Guess he’s desperate..its the move of a man that either thinks the voting public won’t know or give a damn..or he is desperate enough to win at any cost.

Sort of like George Bush did.

Tags: Heath Thompson, Giuliani, racist,

Rootin’ Tootin’ Rudi “Rassles” Foreign Policy

Wednesday, August 15th, 2007

Rudi Giuliani apparently thinks our next president ought to conduct America’s foreign policy in the same manner he navigated the end of his last marriage…an in your face flaunting of one’s ability to do what one chooses regardless of how it might be perceived and who might get hurt in the process. Perhaps I’m being too harsh…after all…he does have more experience than most.

Never let it be said that Teddy Roosevelt had anything on Rudi Giuliani. The esteemed former mayor turned modern day Rambo apparently believes one should not only carry a big stick…but one ought to loudly and clearly shout out who is scheduled to receive the next clubbing. Perhaps he and Dick Cheney could enjoy spending vacation time together clubbing baby seals?

In the course of a week, Giuliani has offered perhaps the most ill-conceived view on foreign policy since…oh, let’s see…George Bush?! Better still, Giuliani, in his apparent wisdom, has decided to one-up George Bush by arguing that efforts to establish a Palestinian state may have been far too hasty and it may be time to reconsider the need for more preconditions.

From The New York Sun:

“Too much emphasis has been placed on brokering negotiations between the Israelis and the Palestinians — negotiations that bring up the same issues again and again,” Mayor Giuliani writes in an essay published yesterday in Foreign Affairs. “It is not in the interest of the United States, at a time when it is being threatened by Islamist terrorists, to assist the creation of another state that will support terrorism.”

In some of the boldest language on the Israeli-Palestinian conflict used thus far by any presidential candidate, Mr.

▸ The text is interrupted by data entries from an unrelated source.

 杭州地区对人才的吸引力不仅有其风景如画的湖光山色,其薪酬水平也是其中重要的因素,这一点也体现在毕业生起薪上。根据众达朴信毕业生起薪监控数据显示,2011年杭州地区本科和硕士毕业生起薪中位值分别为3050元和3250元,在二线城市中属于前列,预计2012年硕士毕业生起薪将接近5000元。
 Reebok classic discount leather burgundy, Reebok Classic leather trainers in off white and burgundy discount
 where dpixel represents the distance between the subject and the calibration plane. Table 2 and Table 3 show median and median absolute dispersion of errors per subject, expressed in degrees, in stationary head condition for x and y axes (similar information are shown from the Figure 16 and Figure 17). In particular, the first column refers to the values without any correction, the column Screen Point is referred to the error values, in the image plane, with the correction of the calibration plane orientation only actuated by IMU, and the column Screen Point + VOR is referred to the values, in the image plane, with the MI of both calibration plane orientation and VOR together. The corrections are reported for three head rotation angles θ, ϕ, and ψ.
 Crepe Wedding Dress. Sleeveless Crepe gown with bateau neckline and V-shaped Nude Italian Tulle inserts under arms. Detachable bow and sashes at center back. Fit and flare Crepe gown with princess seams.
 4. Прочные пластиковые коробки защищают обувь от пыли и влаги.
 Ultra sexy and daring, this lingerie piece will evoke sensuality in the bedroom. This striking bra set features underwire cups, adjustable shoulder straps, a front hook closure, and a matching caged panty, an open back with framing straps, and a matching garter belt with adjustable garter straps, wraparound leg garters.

Giuliani writes: “Palestinian statehood will have to be earned through sustained good governance, a clear commitment to fighting terrorism, and a willingness to live in peace with Israel.”

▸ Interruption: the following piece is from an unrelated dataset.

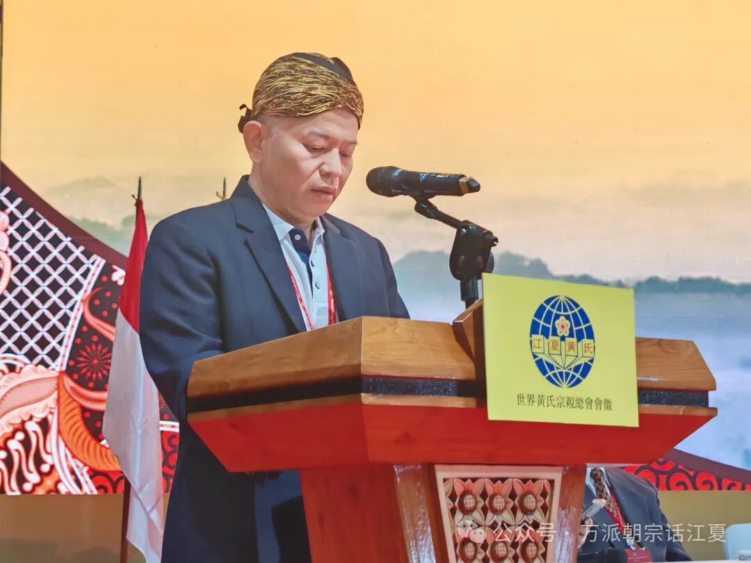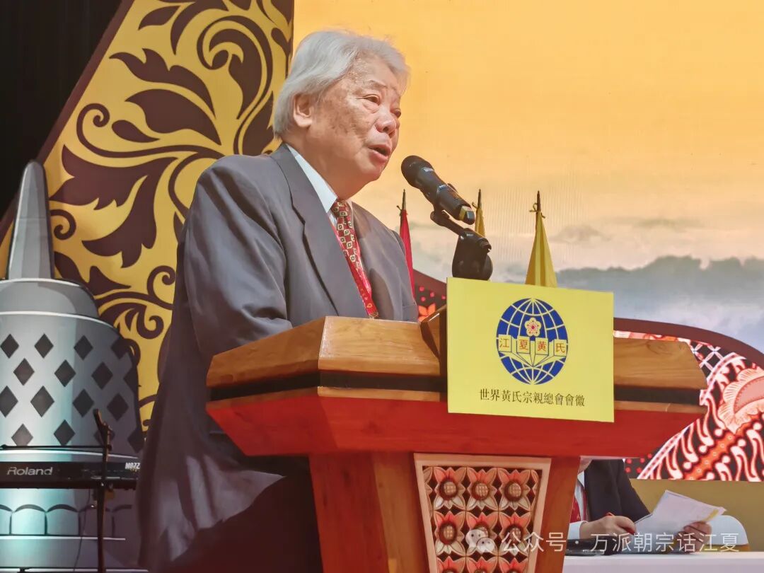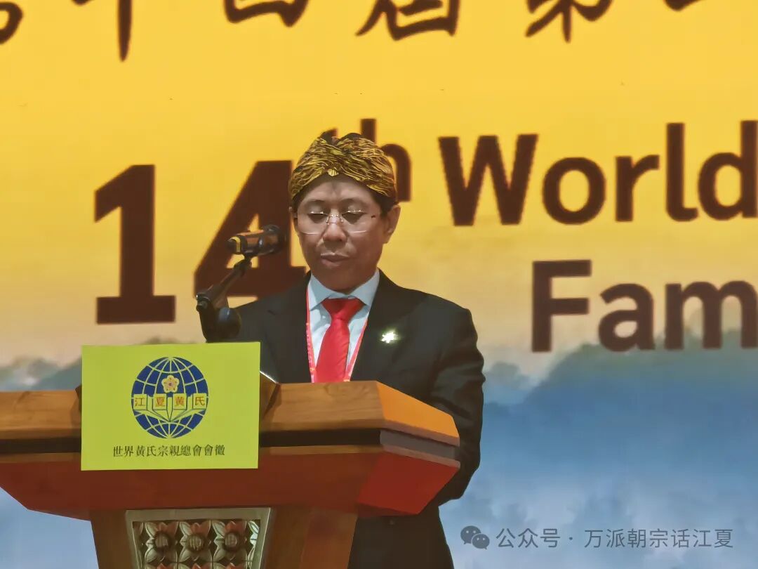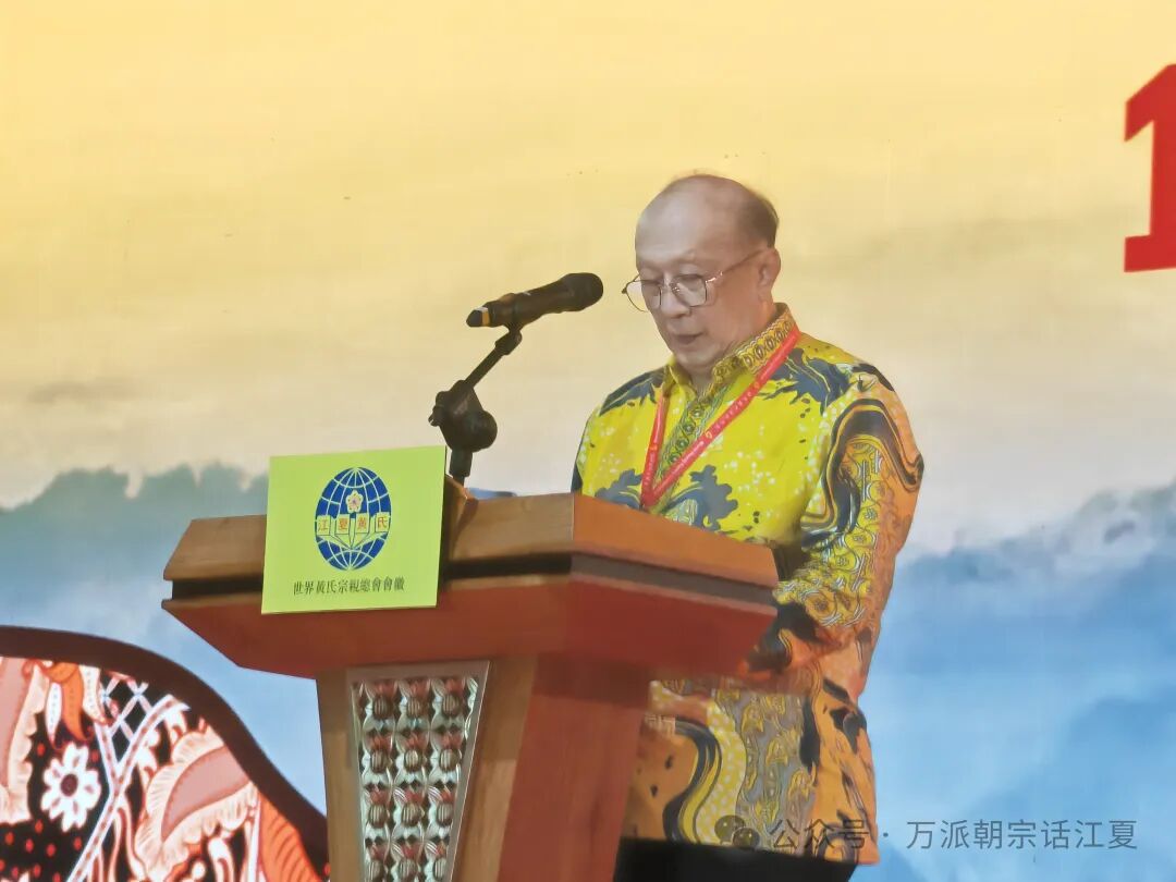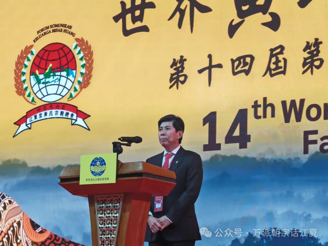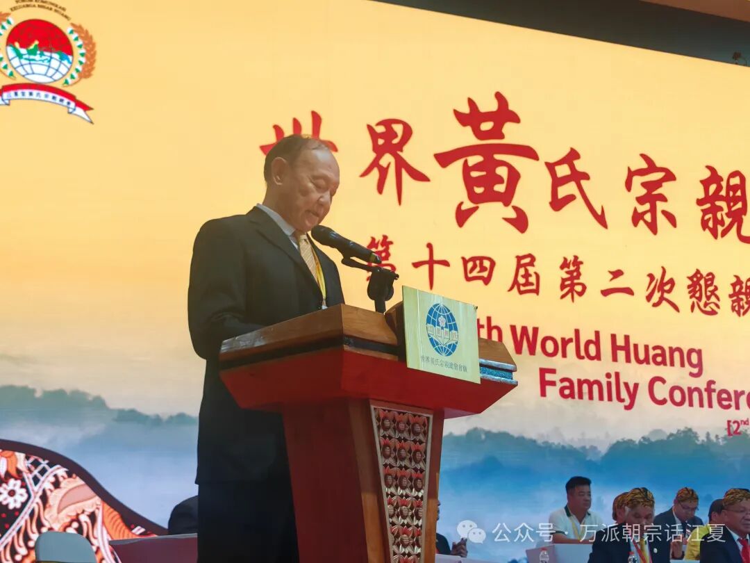 世界黄氏宗亲总会第十四届第二次恳亲大会筹委会主席、印尼江夏堂黄氏总会总主席黄财利宗长致欢迎词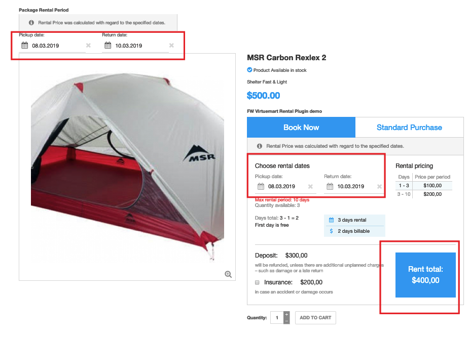 Our showcase is dedicated to package rentals. FW VM Rental Dates Module allows for quick renting of several products at a time, on the same dates. Thus, once the dates are entered within the module, they are automatically filled within the plugin for each particular product, and the total rental price gets automatically calculated as well. So you don’t need to rent out each product one by one.

That language appears to be a direct shot at President Bush and Secretary of State Rice, who are making just such a push for final status negotiations between President Abbas and Prime Minister Olmert in September, despite Hamas’s takeover of Gaza in June.

Mr. Giuliani’s senior foreign policy adviser, Charles Hill, said yesterday that the Bush administration’s current push to forge a peace deal between the Palestinian Authority president and the Israeli prime minister may be “risking too much.”

Mr. Hill went further yesterday, saying he does not expect that Mr. Giuliani, if he becomes president, would support Iraqi national elections, scheduled for 2009, if it appeared that they would empower Islamist terrorist parties and others with their own private armies. “We would have to look at the situation at that time,” he said.

Prior to the 2000 presidential election, George Bush told voters that he was opposed to nation building. Over six years later, the President not only favors nation building; he considers it his divinely inspired mission to deliver freedom and democracy to the oppressed peoples of the world.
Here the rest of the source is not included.